From a clinical standpoint, a clear case for rhythm control or stricter rate control could be made for patients with atrial fibrillation (AF) and associated systolic or diastolic ventricular dysfunction associated with left ventricular (LV) hypertrophy, but no data are available to support either strategy. There is a need to compare various rate-control approaches in carefully defined subgroups of patients with AF. Large case registries may provide additional opportunities to evaluate therapeutic strategies in AF subgroups. Consequently, we sought to investigate whether the selection of rhythm control versus strict or lenient rate control had an impact on mortality and morbidity in patients with AF with LV hypertrophy and associated diastolic or systolic dysfunction from the Atrial Fibrillation Follow-up Investigation of Rhythm Management (AFFIRM) trial.


Methods


We performed post hoc analysis of data from patients enrolled in the AFFIRM trial. A public use, limited-access data set devoid of patient identifiers was obtained from the National Heart, Lung and Blood Institute. None of the investigators are affiliated with the National Heart, Lung and Blood Institute or participated in the AFFIRM trial. The details of the AFFIRM study have been described previously. In brief, this was a prospective trial (n = 4,060) comparing survival in patients with AF and at least 1 risk factor for stroke randomized to a strategy of rate control (n = 2,027) versus a strategy of rhythm control (n = 2,033). Eligible patients were either aged ≥65 years or had at least 1 of the following risk factors for stroke or death: hypertension, diabetes, heart failure (HF), previous stroke or transient ischemic attack, systemic embolism, left atrial diameter >50 mm by echocardiography, LV ejection fraction (EF) <0.40, or fractional shortening <25% determined by any technique.

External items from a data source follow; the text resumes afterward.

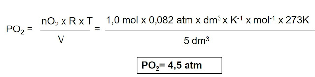 De esta forma calculamos las presiones parciales, es decir la presión que ejerce cada gas individualmente y la presión total del sistema.
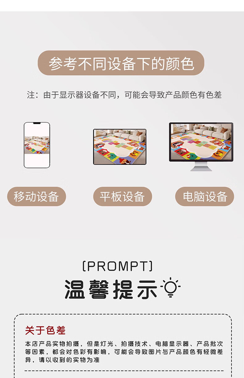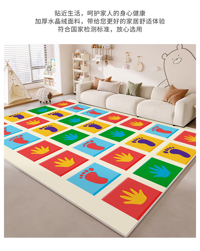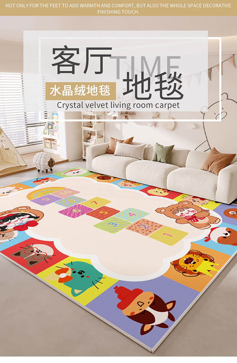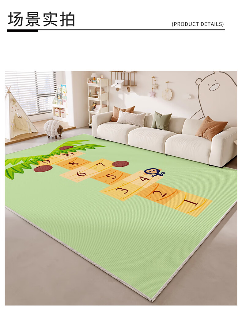 KAYE儿童房地毯卧室阅读区垫子免洗可擦客厅书房沙发茶几毯卡通床边毯 SJR-Y快乐跳跳1 60X160cm
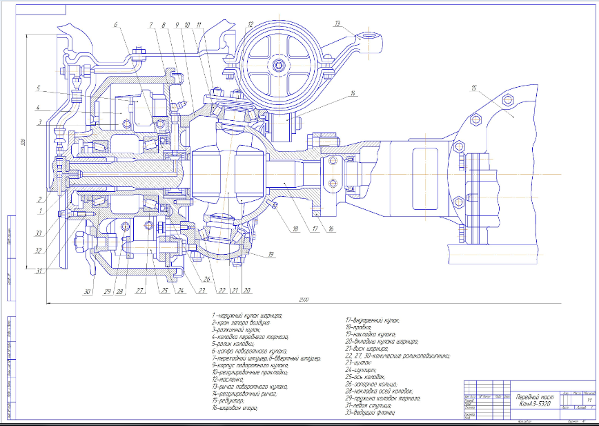 Сборный чертеж переднего моста автомобиля КамАЗ-5320
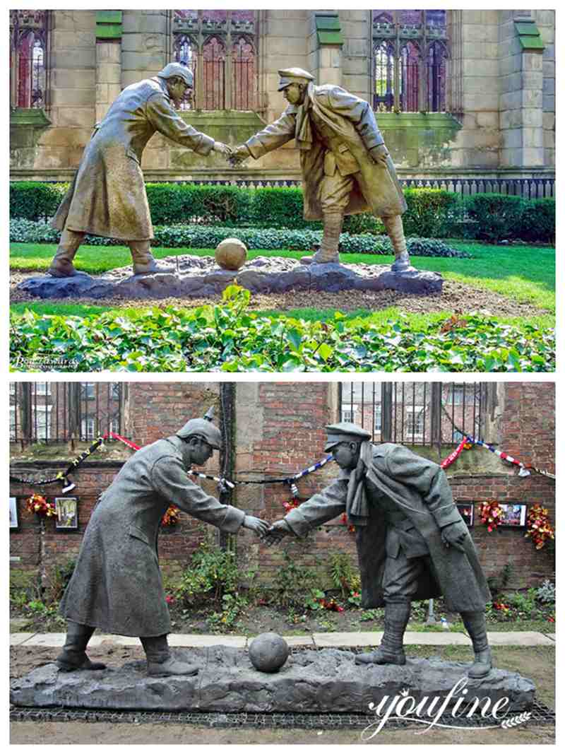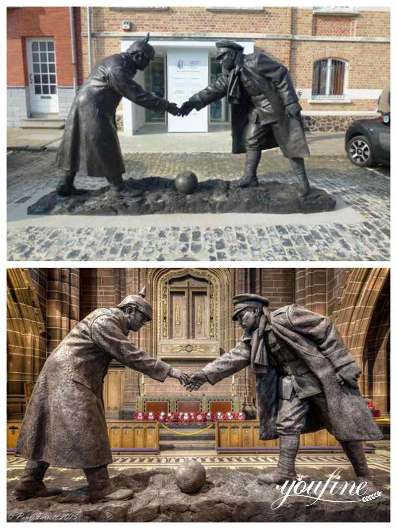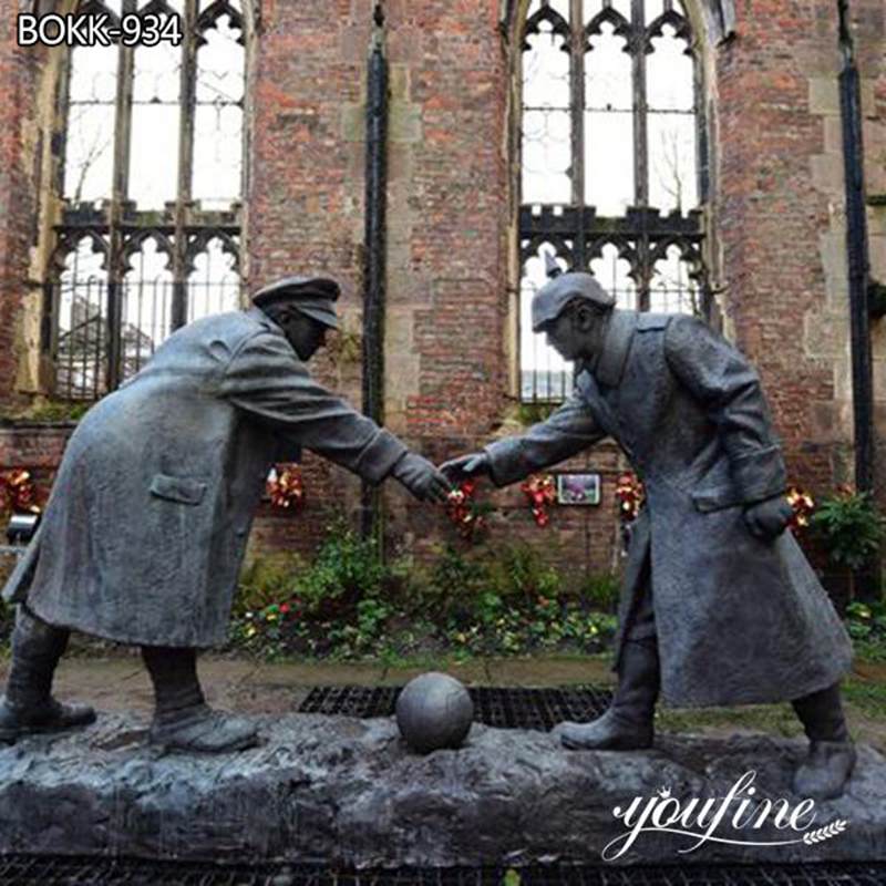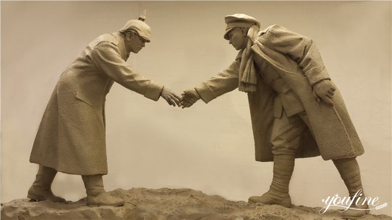 Soldiers are the vanguard of protecting the country. YouFine factory has been casting bronze soldier statues for 39 years. Therefore, we pay great attention to expressing the connotation of sculpture. Our Christmas Truce statue depicts soldiers from two camps shaking hands, and there is a football between them. Obviously, this famous moment is called Christmas Truce.
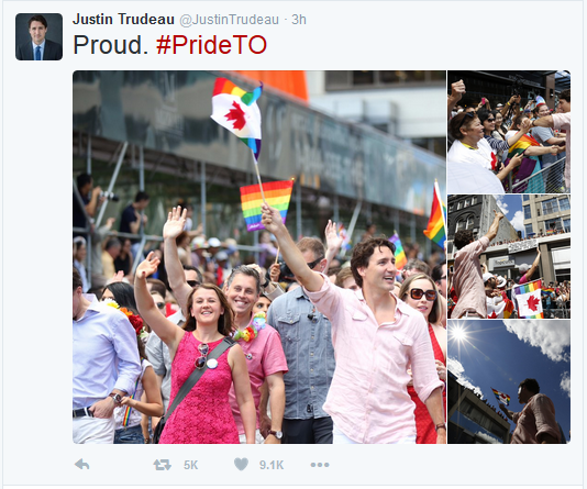 特鲁多在自己的官方推特账号上写到:骄傲。以此表达自己参与此次游行的心情。
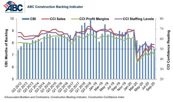 Associated Builders and Contractors reported today that its Construction Backlog Indicator fell to 7.5 months in September, a decline of 0.5 months from August’s reading, according to an ABC member survey conducted Sept. 20-Oct. 6. Backlog is 1.5 months lower than in September 2019.
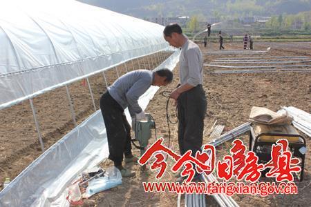 图为工人们正在加紧建设育秧大棚
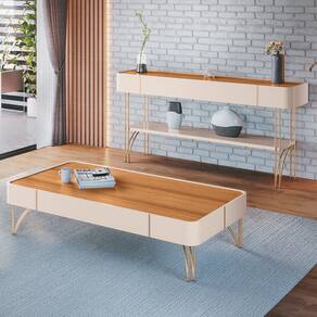 Seguindo a tendência dos móveis com design orgânico, esse conjunto de aparador e mesa de centro traduzem cada detalhe em elegância. A começar pelos cantos arredondados, seguido pela delicadeza das laterais com filetes decorativos e os pés de aço maciço com acabamento em tom dourado, dando um toque de sofisticação ao estilo industrial. Para completar, além de comporem a decoração do ambiente, ainda são funcionais, já que você pode dispor objetos decorativos ou aproveitá-los como apoio para outros fins.
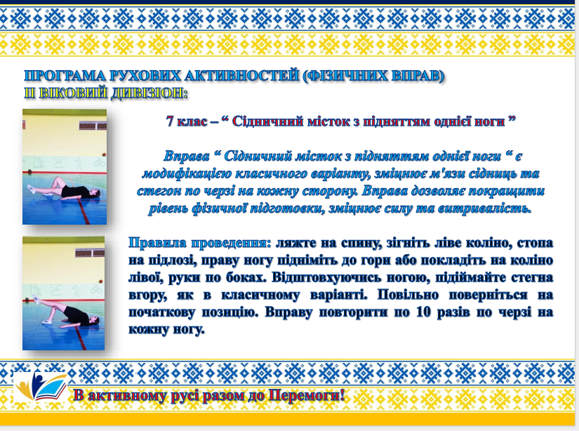 Кожен учасник на початку має представитись (прізвище, ім'я, навчальний заклад, клас), виконати рухову активність (фізичну вправу) витративши на це яку мого менше часу, знявши все на відео. По завершенню рухової активності додаються слова привітання на підтримку Збройних Сил України та всім Захисникам і Захисницям України (до десяти слів).
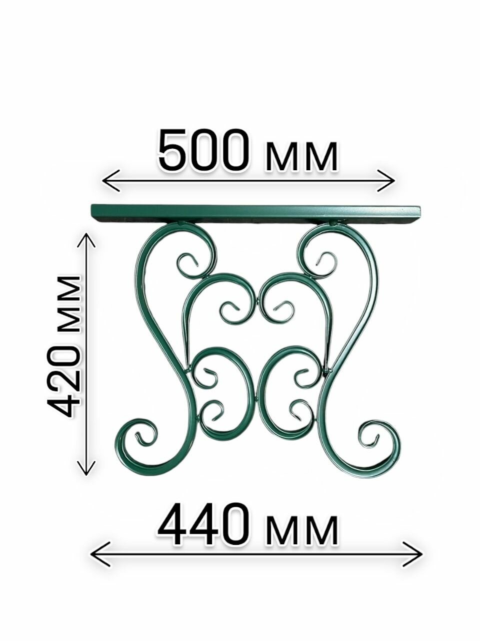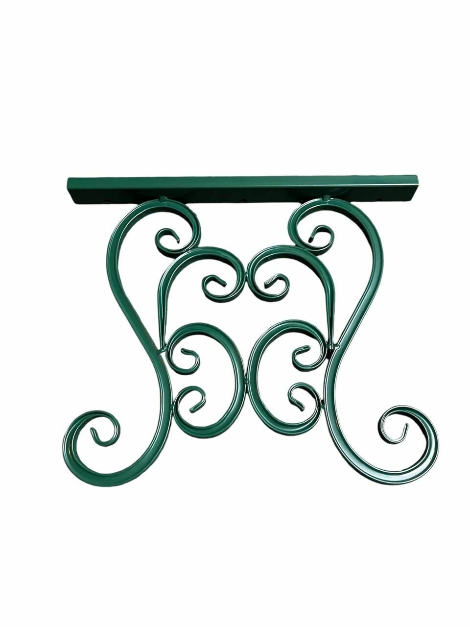 В комплект входит 2-е боковые опоры из металлического профиля 40х20 мм с коваными вензелями из 15 профиля покрытые порошковой краской для внешней среды.

We identified 2,105 patients with echocardiographic data on LV mass. Patients with incomplete echocardiographic data were excluded (n = 1,945). LV mass measurements were defined as per the American Society of Echocardiography’s guidelines on chamber quantification. Mass was calculated by subtraction of the LV cavity volume from the volume enclosed by the epicardium to obtain LV muscle or shell volume. The shell volume was then converted to muscle mass by multiplying by myocardial density according to the following formula :


LV mass = 0.8 × {1.04 [(LVIDd + PWTd + SWTd) 3 − (LVIDd) 3 ]} + 0.6, where LVIDd denotes left ventricular internal diastolic diameter; PWTd, posterior wall thickness at end-diastole; and SWTd, septal wall thickness at end-diastole. LV mass was categorized as normal, mildly abnormal, moderately abnormal, or severely abnormal according to the American Society of Echocardiography criteria, which varied by gender.

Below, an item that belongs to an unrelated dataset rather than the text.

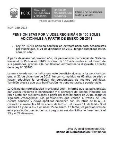 La entidad previsional nacional señaló que la Ley N° 30700 aprobó la entrega de esta bonificación extraordinaria para aquellos pensionistas por viudez que, al 21 de diciembre de 2017, tengan cumplidos los 65 años de edad.
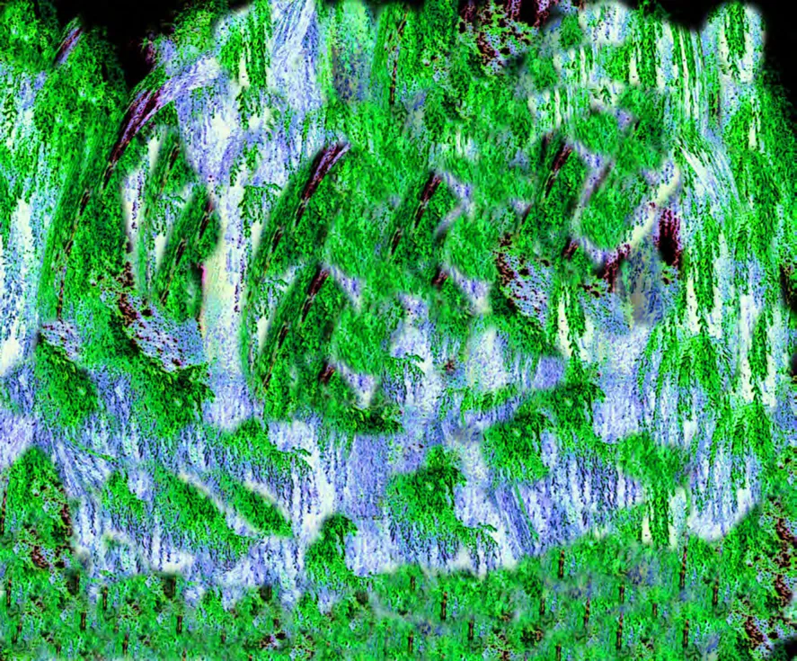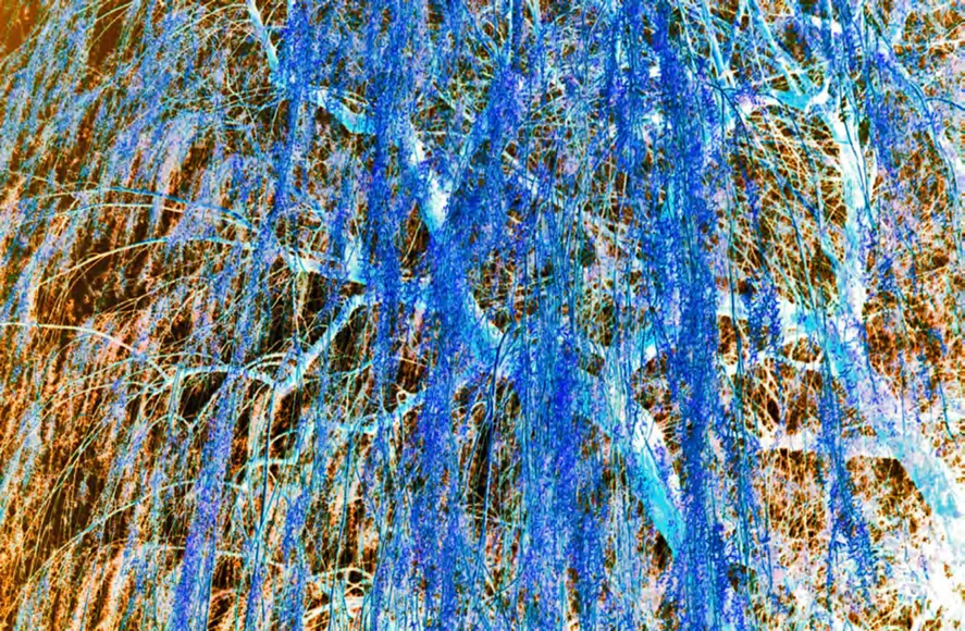 Und dann ist da noch ein anderes Abbild von dieser Weide, sind da Spiegelungen in meinem Geist - hier in diesem Buch zu sehen. Grün so grün in hellem Grau vor schwarzem sternenloser Nacht. Angestrahlt, so scheint es, verdoppelt, verschärft im Linsenlicht. Eine Weide: Einmal dort draußen, ein zweites Mal und zweimal mehr hier innen. Und wie oft wo immer auch noch? Auf den folgenden Seiten, wo sonst?

To assess the relation between degree of rate control and outcomes in relation to LV mass, we performed a subanalysis including patients with available LV mass data and without pacemaker insertion before randomization, originally enrolled in the rate-control arm with documented AF both at baseline and at 2-month visit, with available data of heart rate at rest at both visits. This cohort (n = 366) was stratified according to the degree of rate control, with adequately rate-controlled patients included in the strict rate-control group (n = 105) and the remainder (n = 261) in the lenient rate-control group. Adequate control at 2 months was defined as heart rate at rest ≤80 and postexercise heart rate ≤110 beats/min after 6 minutes of exercise. To maintain power in this relatively small subgroup, LV mass was classified into just 2 categories: normal or mildly increased LV mass was considered as referent and moderately or severely increased LV mass was considered as elevated LV mass.

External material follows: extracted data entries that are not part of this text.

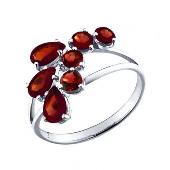 Кольцо из серебра с гранатами 92010014 17.5
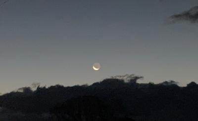 今朝の三日月。ちょっとぼやけていますが、スッとした姿がりりしく感じます。
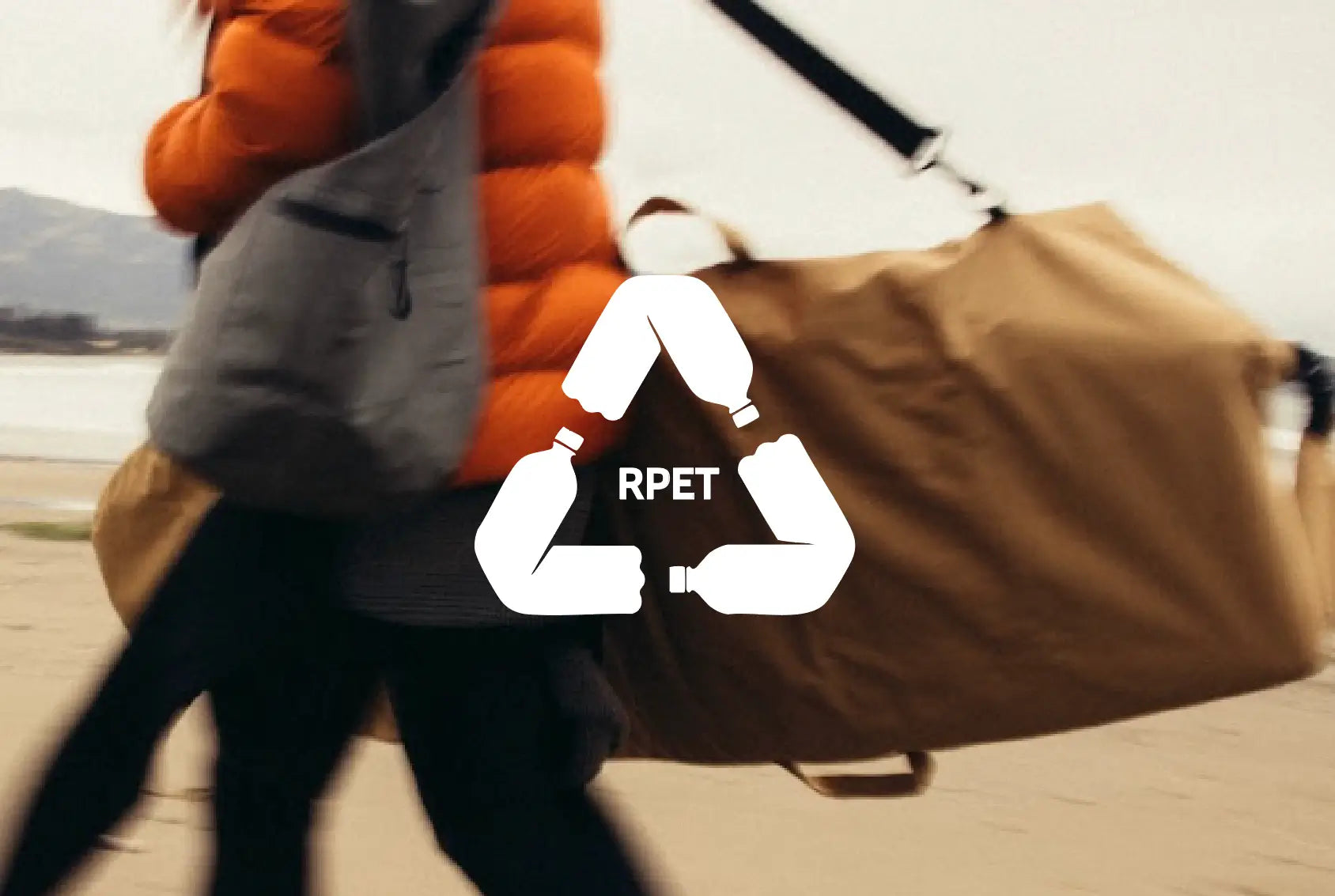 All the heavyweight canvas in our bags is made from up-cycled plastic bottles, known as RPET (recycled polyester). Depending on the product, we may use other recycled or up-cycled materials as well. You can find a full "sustainability guide" on each product page, just below the product description
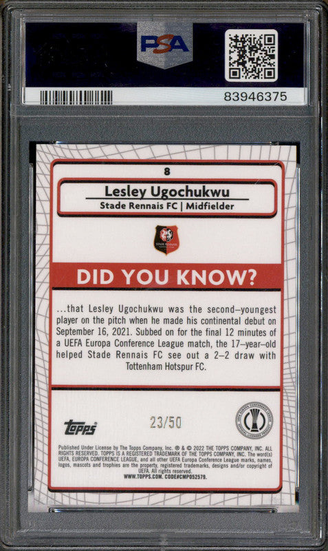 2021 Merlin Chrome Gold Atomic Refractor Lesley Ugochukwe RC /50 PSA 9

HF was categorized as associated with either decreased (n = 258) or preserved systolic function (n = 233) based on LVEF using 50% as cutoff.


The primary end point of this analysis was all-cause mortality. The secondary end point was a composite of all-cause mortality and events including major arrhythmia, stroke, major bleeding, myocardial infarction, and pulmonary embolism. This secondary outcome was same as used in the AFFIRM trial and the definitions were consistent. The tertiary end point was hospitalization due to cardiovascular causes.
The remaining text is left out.